Exercise description -
Take the line with "BetterYou Magnesium Sleep" and every line after it, through the end of the listing, and give them again exactly, pictures excluded.

Data segment -
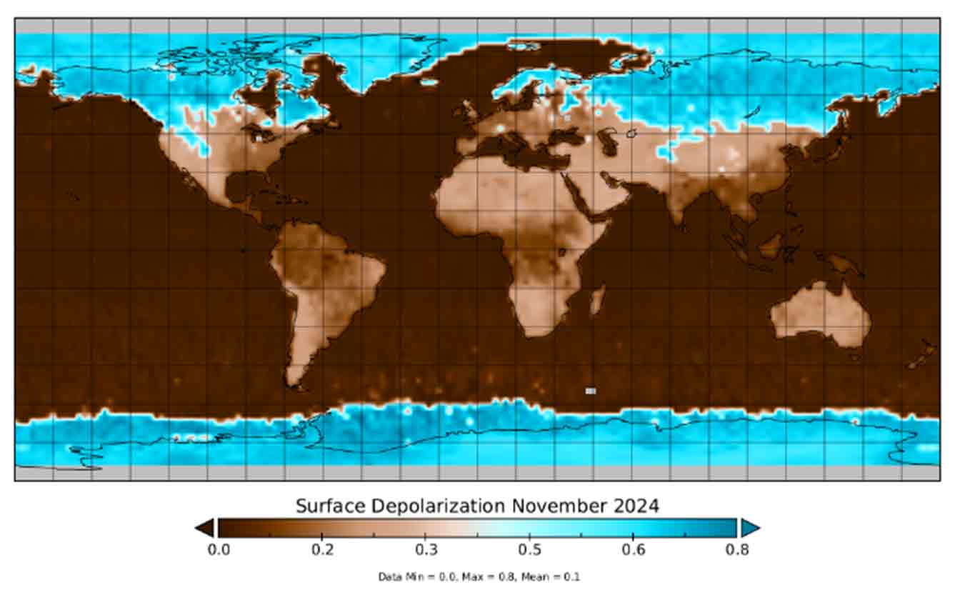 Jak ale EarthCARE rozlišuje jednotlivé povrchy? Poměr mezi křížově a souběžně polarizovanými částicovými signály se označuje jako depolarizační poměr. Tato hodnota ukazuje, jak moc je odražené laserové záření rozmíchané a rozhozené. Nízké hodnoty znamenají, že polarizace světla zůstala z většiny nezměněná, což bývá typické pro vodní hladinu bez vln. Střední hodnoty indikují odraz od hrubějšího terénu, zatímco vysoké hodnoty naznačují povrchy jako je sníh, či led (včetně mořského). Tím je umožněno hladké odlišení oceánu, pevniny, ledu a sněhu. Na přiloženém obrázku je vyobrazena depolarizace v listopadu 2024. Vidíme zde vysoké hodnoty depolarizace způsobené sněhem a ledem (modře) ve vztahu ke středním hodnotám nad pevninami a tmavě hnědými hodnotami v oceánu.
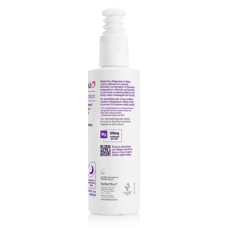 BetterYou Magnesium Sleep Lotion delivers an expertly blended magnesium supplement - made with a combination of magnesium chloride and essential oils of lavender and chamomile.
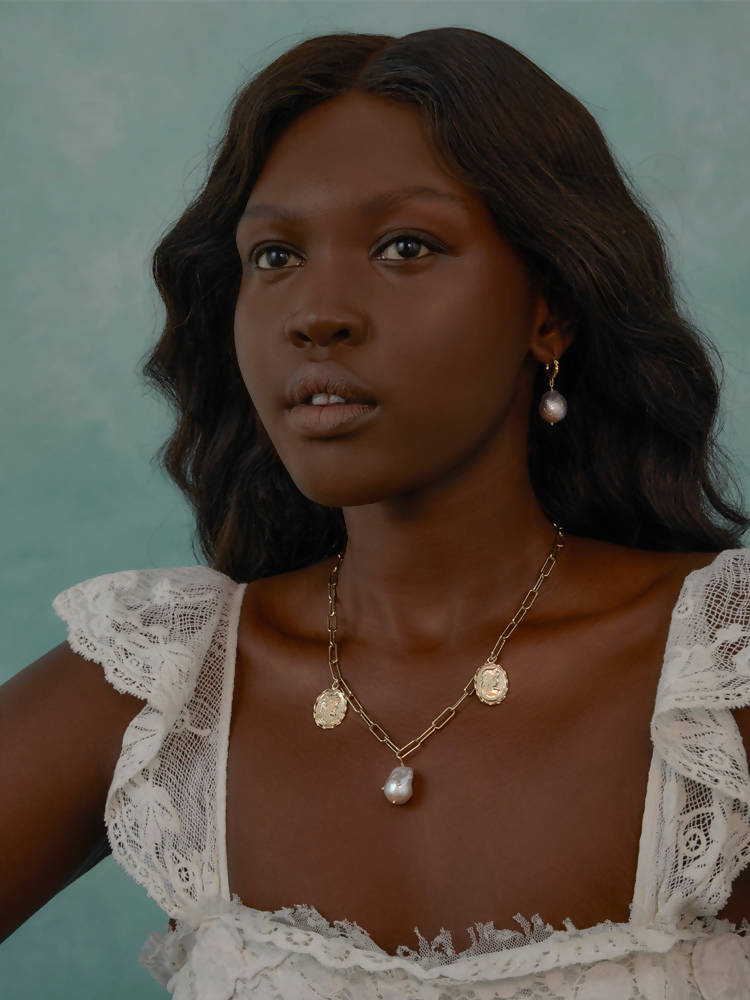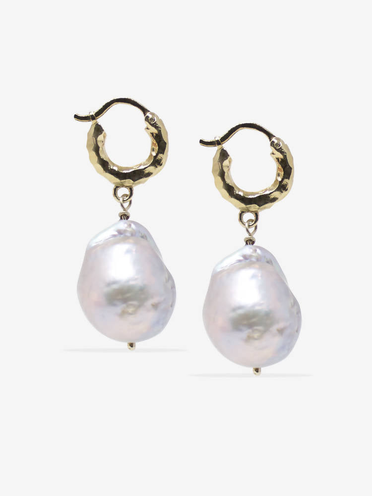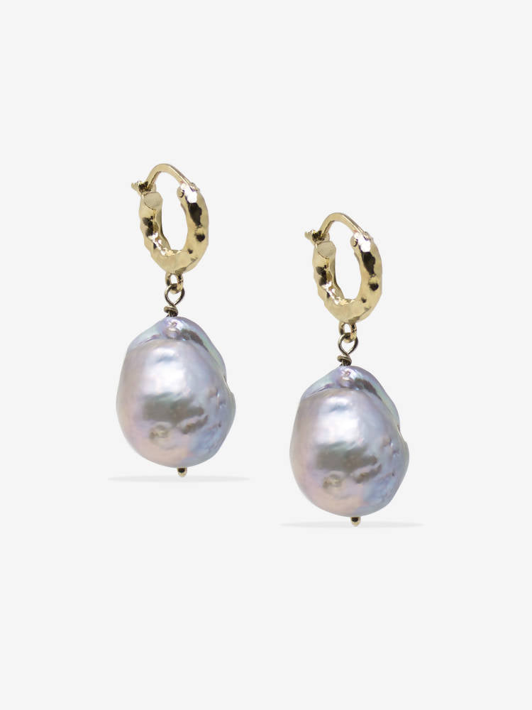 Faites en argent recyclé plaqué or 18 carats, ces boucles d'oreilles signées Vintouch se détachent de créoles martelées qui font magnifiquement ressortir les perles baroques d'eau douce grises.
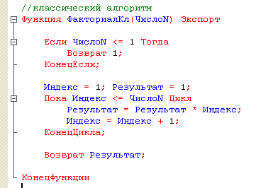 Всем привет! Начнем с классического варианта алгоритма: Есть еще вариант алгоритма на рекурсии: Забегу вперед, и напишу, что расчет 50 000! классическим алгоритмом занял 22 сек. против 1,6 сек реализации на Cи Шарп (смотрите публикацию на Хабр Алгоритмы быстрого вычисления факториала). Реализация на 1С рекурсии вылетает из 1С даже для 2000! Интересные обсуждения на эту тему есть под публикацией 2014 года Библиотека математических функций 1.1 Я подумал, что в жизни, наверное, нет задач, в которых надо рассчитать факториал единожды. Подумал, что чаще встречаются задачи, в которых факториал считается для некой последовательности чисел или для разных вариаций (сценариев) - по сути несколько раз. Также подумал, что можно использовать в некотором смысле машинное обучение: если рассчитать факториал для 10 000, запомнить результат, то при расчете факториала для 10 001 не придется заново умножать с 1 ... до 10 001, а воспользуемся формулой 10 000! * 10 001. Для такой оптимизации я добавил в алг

Reply -
 BetterYou Magnesium Sleep Lotion delivers an expertly blended magnesium supplement - made with a combination of magnesium chloride and essential oils of lavender and chamomile.
 Faites en argent recyclé plaqué or 18 carats, ces boucles d'oreilles signées Vintouch se détachent de créoles martelées qui font magnifiquement ressortir les perles baroques d'eau douce grises.
 Всем привет! Начнем с классического варианта алгоритма: Есть еще вариант алгоритма на рекурсии: Забегу вперед, и напишу, что расчет 50 000! классическим алгоритмом занял 22 сек. против 1,6 сек реализации на Cи Шарп (смотрите публикацию на Хабр Алгоритмы быстрого вычисления факториала). Реализация на 1С рекурсии вылетает из 1С даже для 2000! Интересные обсуждения на эту тему есть под публикацией 2014 года Библиотека математических функций 1.1 Я подумал, что в жизни, наверное, нет задач, в которых надо рассчитать факториал единожды. Подумал, что чаще встречаются задачи, в которых факториал считается для некой последовательности чисел или для разных вариаций (сценариев) - по сути несколько раз. Также подумал, что можно использовать в некотором смысле машинное обучение: если рассчитать факториал для 10 000, запомнить результат, то при расчете факториала для 10 001 не придется заново умножать с 1 ... до 10 001, а воспользуемся формулой 10 000! * 10 001. Для такой оптимизации я добавил в алг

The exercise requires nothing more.